Fewer than 80 Sumatran rhinos are left in the world, making it likely that the smallest and most threatened of all rhinoceros species will go extinct in our lifetime.
Conservation efforts so far have not been able to turn the tide, amid growing demand for rhino horn in parts of Asia such as China and Vietnam.
But a new global conservation standard is set to change this bleak narrative, offering hope that if conservation breeding technology advances in the near future, the Sumatran rhino population could rebound over the next century.
The new Green Status of Species standard will find out to what extent vulnerable flora and fauna have recovered as a result of conservation efforts. It will also monitor and track future conservation efforts.
Launched last month by the International Union for Conservation of Nature (IUCN), the green status provides metrics developed by more than 200 scientists worldwide over 10 years.
Commenting on the standard, botanist Shawn Lum from the Asian School of the Environment at Singapore's Nanyang Technological University said: "It provides a measurable benchmark of the impact of previous conservation efforts for a species, and helps to determine what might happen to that species in the short term with and without conservation.
"It also indicates what the long-term conservation potential for a species is."
Dr Lum was not among the scientists involved in developing the standard.

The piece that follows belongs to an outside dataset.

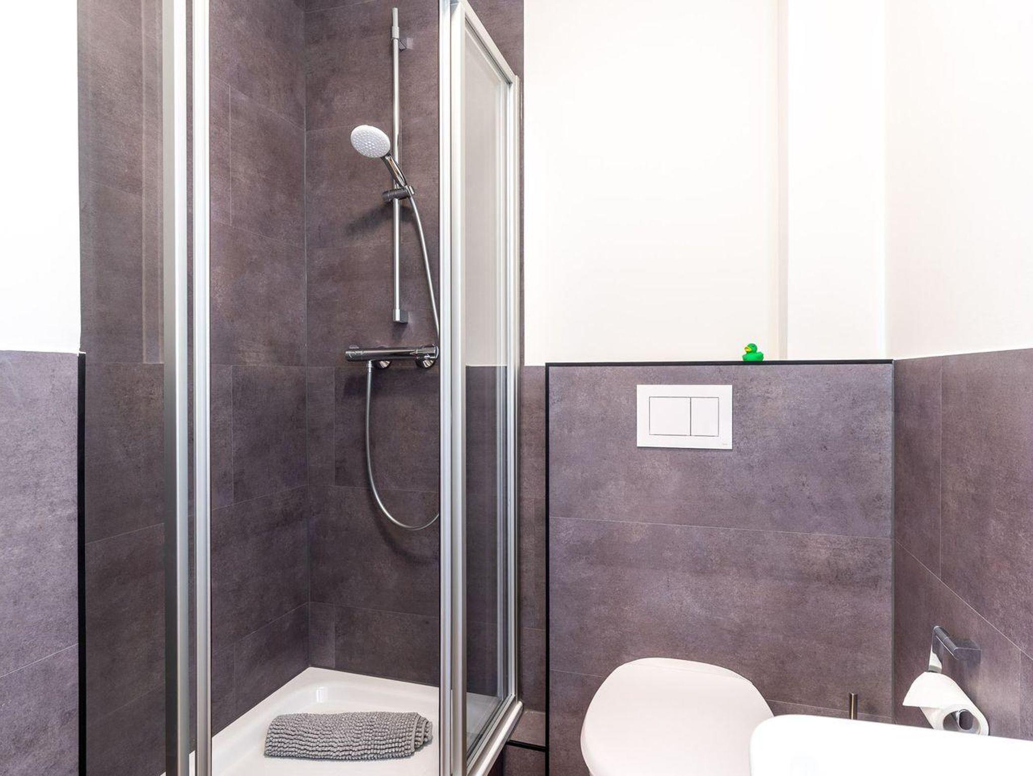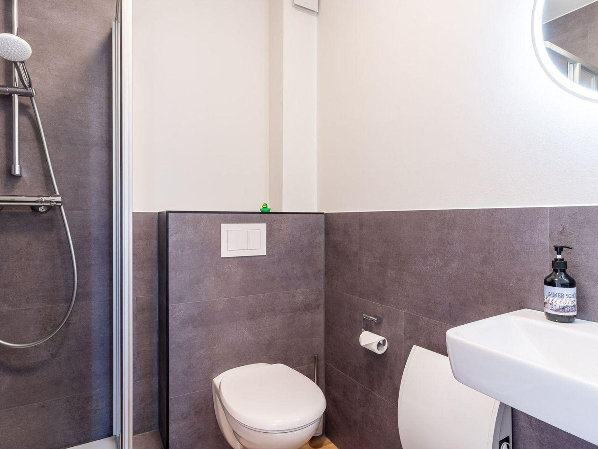 Ein Badezimmer mit Dusche rundet die Ausstattung ab. Hier finden Sie auch Annehmlichkeiten wie einen Haartrockner, einen Kosmetikspiegel sowie ein WC mit Waschbecken. Praktische Details, wie ein Staubsauger und Geschirrhandtücher, wurden ebenfalls berücksichtigt, um Ihren Aufenthalt so komfortabel wie möglich zu gestalten.

The green status will be incorporated into its more familiar sibling, the IUCN Red List of Threatened Species. The red list is the most detailed source on the status of animal, plant and fungi species that are at high risk of global extinction.
While preventing extinction has been the main and end goal of conservation, the new green status is more ambitious.
It was developed to expand the conservation narrative and make sure that threatened flora and fauna will not just survive but also thrive in their habitats.
Dr Lum explained: "A species may be present in an area, which is good, but it may be in numbers that are insufficient to contribute much to maintaining function and balance in ecosystems."
A paper published in the Conservation Biology journal last month used the green status to preliminarily assess the recovery prospects of 181 animals and plants worldwide, including the smooth-coated otters and Sunda pangolins that are found in Singapore.
But the prospects of these two creatures seem rather bleak.
According to the green status, both the otter and pangolin populations are largely depleted in their habitats.
In the case of the otters, it is uncertain if short-term and long-term conservation efforts will improve their status.
The pangolins, however, have a "medium" chance of bouncing back over the next 100 years.
Dr Lum said this is because the Sunda pangolin is quite an adaptable animal that can thrive in forests that might be considered degraded or marginal.
"The problem is that pangolins are relentlessly hunted and have little chance against poachers. Stop the poaching and the species can bounce back."
The paper mentioned that the green status can help conservation efforts be recognised and ensure continued support from donors and governments.
But Dr Lum said the green status might be judged based on whether it leads to more conservation action and the extent to which it influences positive policies.
"Thought leadership in nature conservation is vital, but species and ecosystems will benefit only if there are resources and 'boots on the ground' to make it happen."
Success stories highlighted by the Green Status of Species
This vulture is native to North America and is the region's largest landbird.
Once nearly depleted, condors escaped extinction after rigorous efforts were undertaken from the 1980s to breed them in captivity.
In the 20th century, lead poisoning was the vultures' major killer. The birds would accidentally ingest lead-based ammunition while feasting on the carcasses of hunted animals.
Fewer than 30 California condors soared through the skies in the 1980s. To save them, conservationists began breeding them in captivity.
Media organisation NPR reported in 2019 that there were more than 300 condors in the wild - a tenfold increase in their numbers over three decades.
But the green status assessed that over the short term, conservation progress will be slow, since California condors are a slow-breeding species.
Still, they have high recovery potential, which means that with continued conservation, there could be a big rebound over the next century.
KANDELIA OBOVATA MANGROVE PLANT
This mangrove species is native to coastal East Asia, from Japan to the northern coast of Vietnam.
Before World War II, the flowering mangrove trees were heavily harvested for timber and mostly depleted by 1950.
But replanting efforts across various countries, combined with the introduction of protected areas, prevented further decline and have allowed the species to slowly recover. The green status assessed that this trend is projected to continue in the future.
The Kandelia obovata is the most widespread mangrove species in Hong Kong, according to the Hong Kong Wetland Park website.
Its critically endangered sibling, the Kandelia candel, has been found in some mangroves in Singapore.
The river-dwelling and bright-coloured dragonfly is widely distributed across Europe and Asia, but numbers fell in the 20th century owing to water pollution, particularly in Western Europe.
However, environmental laws and regulation got the rivers cleaned up, and the dragonflies, also known as river clubtails, returned. They are now a "fully recovered" species under the green status and classified as a species of "least concern" in the IUCN Red List of Threatened Species.
But should water quality deteriorate, the dragonflies could disappear again.